A fancy restaurant gave me food poisoning – am I entitled to compensation? Our consumer rights lawyer DEAN DUNHAM will answer your questions
Q: I got food poisoning when my wife and I went to an expensive restaurant in London for my birthday dinner. I became very unwell later that evening – my wife not so much – and we think it was due to a fish dish we shared. My wife paid with a credit card. Can we get our money back?
HV, by email.
The couple ate a seafood platter at a chic location in central London, and one of them became seriously unwell
A: Yes, you can get your money back. You may also be able to claim compensation, depending on the severity of the food poisoning and the impact it has had on you.
The first step is to file a complaint directly with the restaurant, providing all relevant details. Please include the date you went to eat, the name under which the booking was made, what you ordered and what you think caused you to have food poisoning.
You must also tell the restaurant when you started feeling unwell, what the symptoms were and how long they lasted.
Explain in your letter that you have identified the cause of the food poisoning as the fish dish and that it is a breach of the Consumer Rights Act, which states that services (such as food preparation) must be carried out with reasonable care and skill.

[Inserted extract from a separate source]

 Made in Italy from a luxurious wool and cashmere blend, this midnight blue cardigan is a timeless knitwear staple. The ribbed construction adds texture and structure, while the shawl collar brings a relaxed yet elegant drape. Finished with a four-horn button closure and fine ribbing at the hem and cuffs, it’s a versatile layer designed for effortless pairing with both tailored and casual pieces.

This means that you are entitled to a legal remedy, in this case a full refund. There is also a second law to help you with this, called the Consumer Protection Act 1987. Simply put, this law requires that a food retailer must sell a product that is free of harmful bacteria, i.e. you can prove that your food poisoning was caused by the restaurant is caused, the law stipulates that the restaurant will be held liable for your illness.
Furthermore, this law does not require it to be proven that a staff member (usually the chef) was negligent, but only that the cause of the food poisoning was due to unsafe food provided by the restaurant. This is called “strict liability,” and a trader does not want to find themselves on the end of a strict liability claim.

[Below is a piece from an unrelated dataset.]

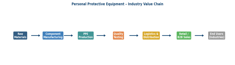 The PPE value chain begins with specialized raw materials including polycarbonates, high-performance polymers, aramid fibers (Kevlar/Nomex), nitrile compounds, and technical textiles. Material suppliers play a critical role, as input quality directly determines protective performance and certification compliance outcomes.

It is advisable to obtain a doctor’s note describing the symptoms to support your claim
If you wish to claim compensation and restitution, it is preferable to have evidence showing how this has affected you, such as a letter from your doctor’s practice if you have attended a GP appointment. Also, if this has caused you to miss work, or has caused you any other inconvenience, you should obtain evidence to prove this. You then claim compensation for ‘pain and suffering’ and the damage you suffer as a result.
Typically, restaurants take these claims seriously, especially if you say you will consult with a personal injury attorney if a satisfactory offer is not made. If the restaurant only offers you a refund initially in this regard, make sure you say that you will not accept this as compensation, otherwise the restaurant may say that you have ‘settled’ the matter.
Unless you are ill for a long period of time, the compensation is probably not significant.
You should also notify your local environmental health department, which will investigate whether the restaurant has violated the Food Safety Act of 1990.
I bought a new car and when the logbook arrived I discovered that I am the second owner. The dealer told me it was a brand new car. What can I do?
NB Leatherhead, Surrey.
A: It sounds like the dealer pre-registered the car in their own name, or the car was previously sold and the buyer rejected it and returned it, perhaps under their right of short notice rejection, because there was something wrong with the car. It.
Whatever the circumstances, as a potential buyer you had a right to know all the facts and this ‘important’ information should have been shared with you before you agreed to purchase the vehicle. One of the consequences of the car gaining an additional owner is that it can affect its future value.
Your next step is to make a written complaint to the dealer alleging a breach of the Consumer Rights Act, which says goods (including cars) must be ‘as described’.
The solution here is for the dealer to either give you some money back to reflect the depreciation of the vehicle (you can negotiate) or take the car back and give you the full refund.
The amount that the dealer deducts from the price of a car is usually linked to the kilometers driven by the consumer. So if the previous owner had driven ten miles, you wouldn’t expect a discount. But if it was hundreds of miles you’d expect something in the region of £500. This must be considered on a case by case basis.
If the dealer denies your claim and does not tell you who the original owner was, complete and submit a DVLA form V888. This is the form used to request information about a vehicle and its past and present registered keepers.
The Driver and Vehicle Licensing Agency (DVLA) wants you to have a good reason for making the request, and you will say that you are building a case against a car dealer. Armed with this information, you can make a section 75 claim if you paid in whole or in part by credit card, alleging that the dealer is in breach of contract.
You can also make a section 75 claim if you have paid through a lump sum loan agreement, or you can make a claim in the County Court (in the small claims court process, known as small claims court, if the car was bought for less than £10,000), or the full County Court if the purchase price was more than this.